OS: Process & Thread
Predict the pattern
Two execution units run inside the same program. Which one shares the heap with its siblings and can directly read their variables?
| Process | Thread | |
|---|---|---|
| Address space | own | shared with siblings in same process |
| Memory | private | shared heap; own stack per thread |
| File descriptors | own table | shared |
| Communication | IPC (pipe, socket, shared mem) | shared memory + sync |
| Crash | doesn't take down siblings | takes down whole process |
| Creation cost | high (fork + copy-on-write) | low |
Process lifecycle
fork() → child gets COW copy of parent's pages → exec() replaces program → exit() → parent wait()s to reap.
Zombie: child exited, parent hasn't wait()ed yet, still has PID entry.
Orphan: parent died first, adopted by init (PID 1).
Virtual Memory
- Each process sees a flat 64-bit address space; OS maps to physical frames via page tables.
- Page = fixed chunk (usually 4 KB).
- TLB = CPU cache for recent page-table lookups; a TLB miss → page walk.

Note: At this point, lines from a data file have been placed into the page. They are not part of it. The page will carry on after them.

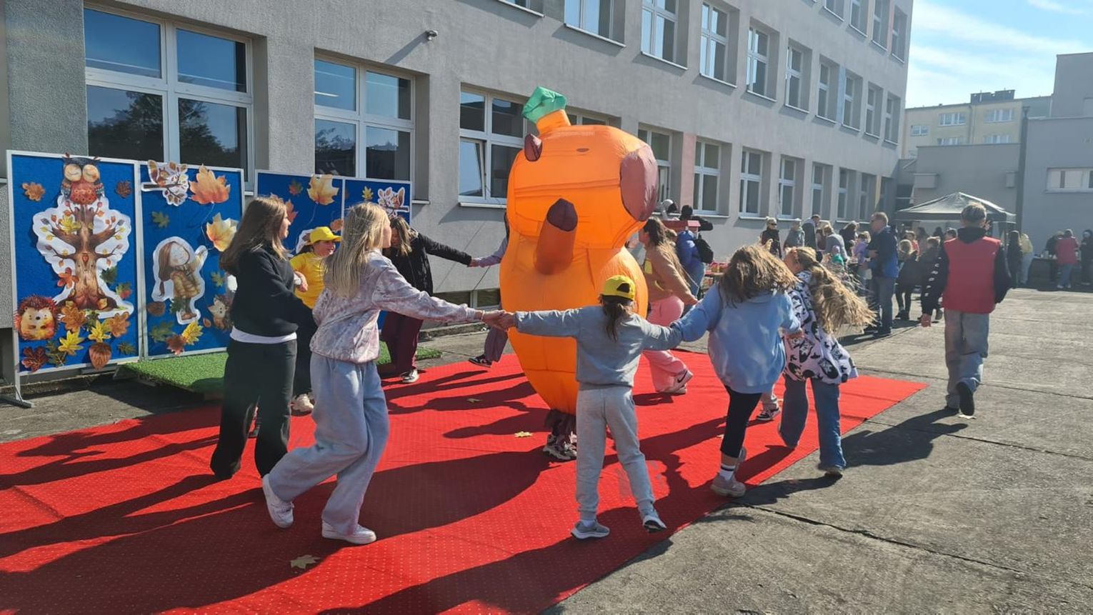 Na gości festynu w Publicznej Szkole Podstawowej nr 19 czekały stoiska pełne smaków i zapachów: gorąca grochówka i żurek, grillowane kiełbaski, popcorn, kawa i ciasta. Szczególnym zainteresowaniem cieszyło się stoisko „Pod bukowym liściem”, oferujące ręcznie robione drobiazgi i smakowite rarytasy, oraz pchli targ z unikatowymi skarbami – od zabawek po biżuterię. Ogromną radość dzieciom sprawiła maskotka kapibara, która stała się nieoficjalną gwiazdą festynu – przyciągała do siebie małych uczestników, a wspólne zdjęcia z nią wywoływały uśmiechy na twarzach wszystkich. Był też pokaz hobby horsing. Dzieci z każdej klasy prezentowały piosenki, taniec, inscenizacje, grę na instrumentach oraz zabawne wiersze. Ich entuzjazm, radość i autentyczność były wielokrotnie nagradzane brawami widowni.
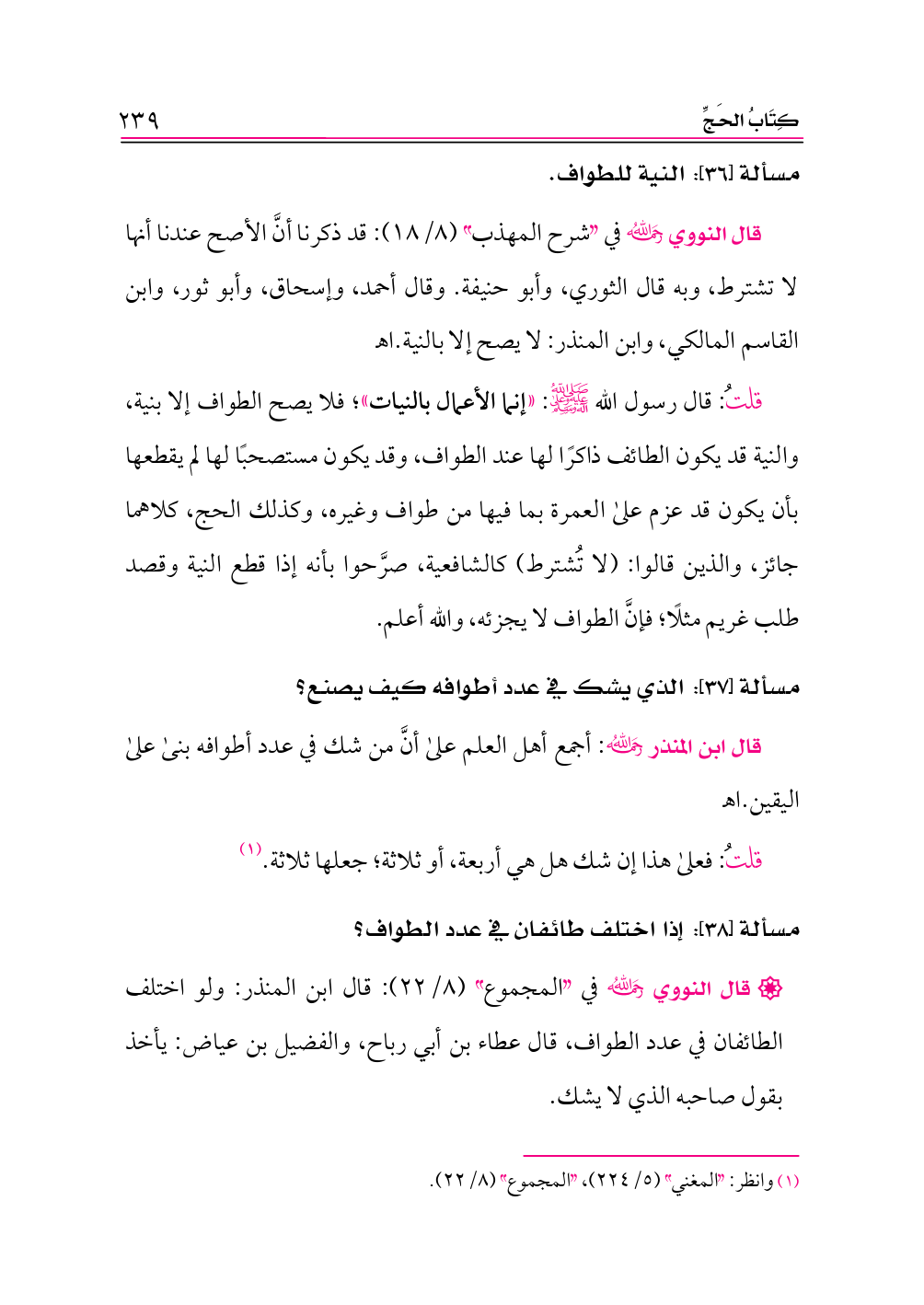 قلتُ: قال رسول الله -صلى الله عليه وعلى آله وسلم-: «إنما الأعمال بالنيات»؛ فلا يصح الطواف إلا بنية، والنية قد يكون الطائف ذاكرًا لها عند الطواف، وقد يكون مستصحبًا لها لم يقطعها بأن يكون قد عزم على العمرة بما فيها من طواف وغيره، وكذلك الحج، كلاهما جائز، والذين قالوا: (لا تُشترط) كالشافعية، صرَّحوا بأنه إذا قطع النية وقصد طلب غريم مثلًا؛ فإنَّ الطواف لا يجزئه، والله أعلم.
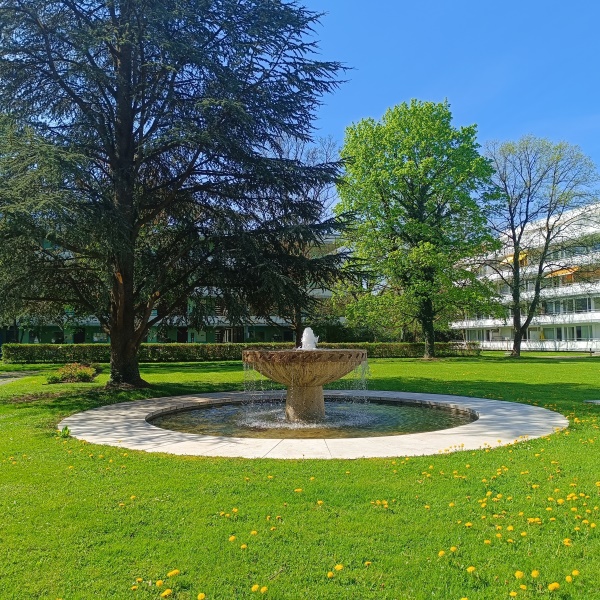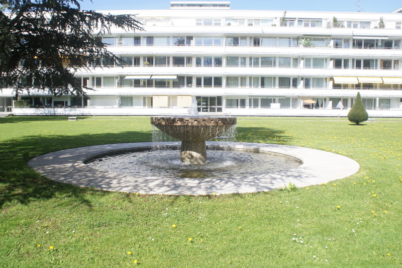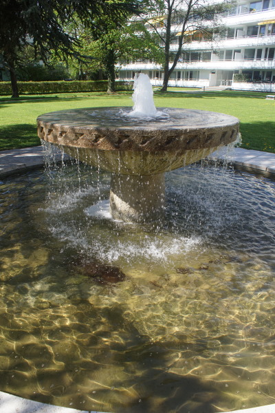 Brunnen befindet sich in der Parkanlage eines Wohnblocks in der Stolzingstraße
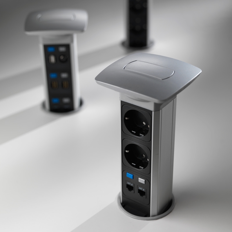 Systeme avec 2 tiroirs électriques, généralement placé dans le plan de travail de table d’une épaisseur min. 2 mm et max. 70 mm (trou de montage diametre 80mm). Le systeme se déploie mécaniquement. Le corps du systeme est en aluminium.

- Page fault: requested page not in RAM.
- Minor: page in memory, not yet mapped → just update PT.
- Major: page on disk (swap or mmap'd file) → expensive disk I/O.
- Copy-on-write: after fork, parent + child share pages until one writes.
mmap
Map a file into memory; reads/writes go through the page cache instead of explicit read()/write(). Great for random access into big files.
Context Switching
Cost: ~1-10 µs typical; flushes TLB (on process switch), spills registers, loads new state.
Triggers:
- Preemption by scheduler (timer interrupt)
- Blocking syscall (e.g. waiting on I/O)
- Voluntary yield
Implication: 10K threads switching constantly = a lot of overhead. Async I/O avoids this by keeping a small pool of threads driving many connections.
Scheduling
- CFS (Linux default): each task tracks its "virtual runtime"; pick the smallest.
- RT scheduler for real-time tasks.
- Nice values (-20 to +19) influence priority.
File Descriptors & I/O
- Every open file/socket/pipe = a small integer per process.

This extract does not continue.